Corpora: CFP: Speech Annotation and Corpus Tools

Steven Bird (sb@unagi.cis.upenn.edu)
Thu, 08 Jul 1999 11:03:48 EDT

*** SECOND ANNOUNCEMENT ***

SPEECH COMMUNICATION

CALL FOR PAPERS

Special Issue on SPEECH ANNOTATION AND CORPUS TOOLS
[http://www.ldc.upenn.edu/annotation/specom.html]

Submission Deadline: 30 August 1999

Guest editors: Steven Bird and Jonathan Harrington

Aims and Scope of Speech Communication (from the journal homepage)

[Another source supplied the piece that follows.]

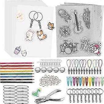 A5 ShrinkyDink Keychain Kit, Shrink Dinks Paper Kits for Kids DIY Art Craft with Keychain Earring Ha
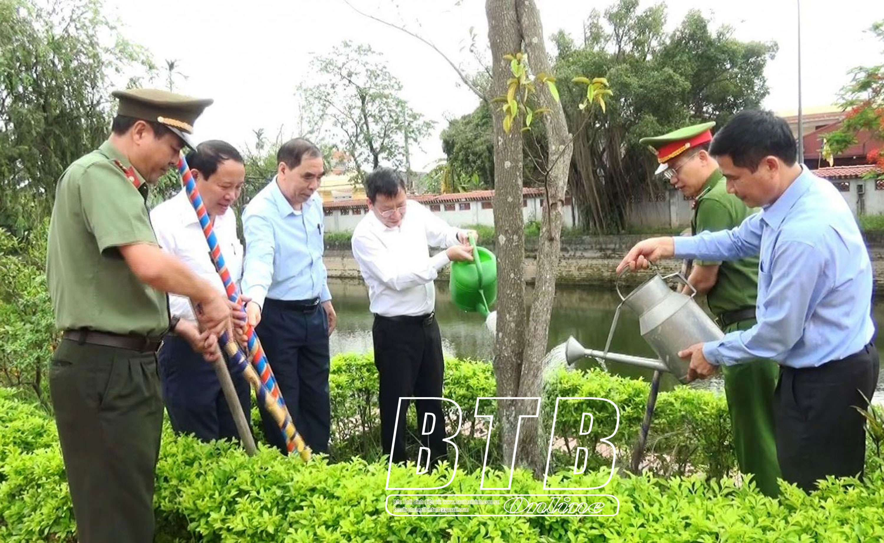 Các đồng chí lãnh đạo huyện Hưng Hà trồng cây lưu niệm tại Đền thờ Bác Hồ (xã Hồng An).

Speech Communication is an interdisciplinary journal whose primary
objective is to fulfil the need for the rapid dissemination and
thorough discussion of basic and applied research results. In order to
establish frameworks to inter-relate results from the various areas of
the field, emphasis will be placed on viewpoints and topics of a
transdisciplinary nature. ... The journal's primary objectives are:
to present a forum for the advancement of human and human-machine
speech communication science; to stimulate cross-fertilization between
different fields of this domain; to contribute towards the rapid and
wide diffusion of scientifically sound contributions in this domain.
General information about Speech Communication, the official journal
of the European Speech Communication Association, can be found at
[www.elsevier.com/locate/specom].

Scope of the Special Issue

Submissions are invited for a special issue of Speech Communication on
Speech Annotation and Corpus Tools. The aim of the special issue is
to make speech scientists aware of recent developments in the
representation and management of annotated speech corpora,
i.e. collections of speech signal data with time-aligned
transcriptions. (Signal data may be audio or physiological, natural
or artificial, in basic or derived form.) The primary focus is the
structure of annotations and of annotated corpora, as used within and
across a wide range of disciplines concerned with spoken human
communication.

Annotated speech corpora have been a critical component of research in
the speech sciences for some years. Today, these corpora are being
created and deployed for a rapidly expanding set of languages,
disciplines and technologies. A wealth of formats and tools have
sprung up around this enterprise, a diversity which at once
facilitates and frustrates progress. The linguistic annotation page
[www.ldc.upenn.edu/annotation/] has drawn attention to the scale of
ongoing activity, to the existence of diverse approaches to similar
problems and of similar approaches to diverse problems. Despite the
explicit formats and well-documented user interfaces, insights about
the structure of the annotations themselves are often buried in coding
manuals and internal data structures. There is a pressing need for
papers which document the corpora and tools, which identify notational
and functional equivalences among different approaches, and which
report on new approaches to core representational problems.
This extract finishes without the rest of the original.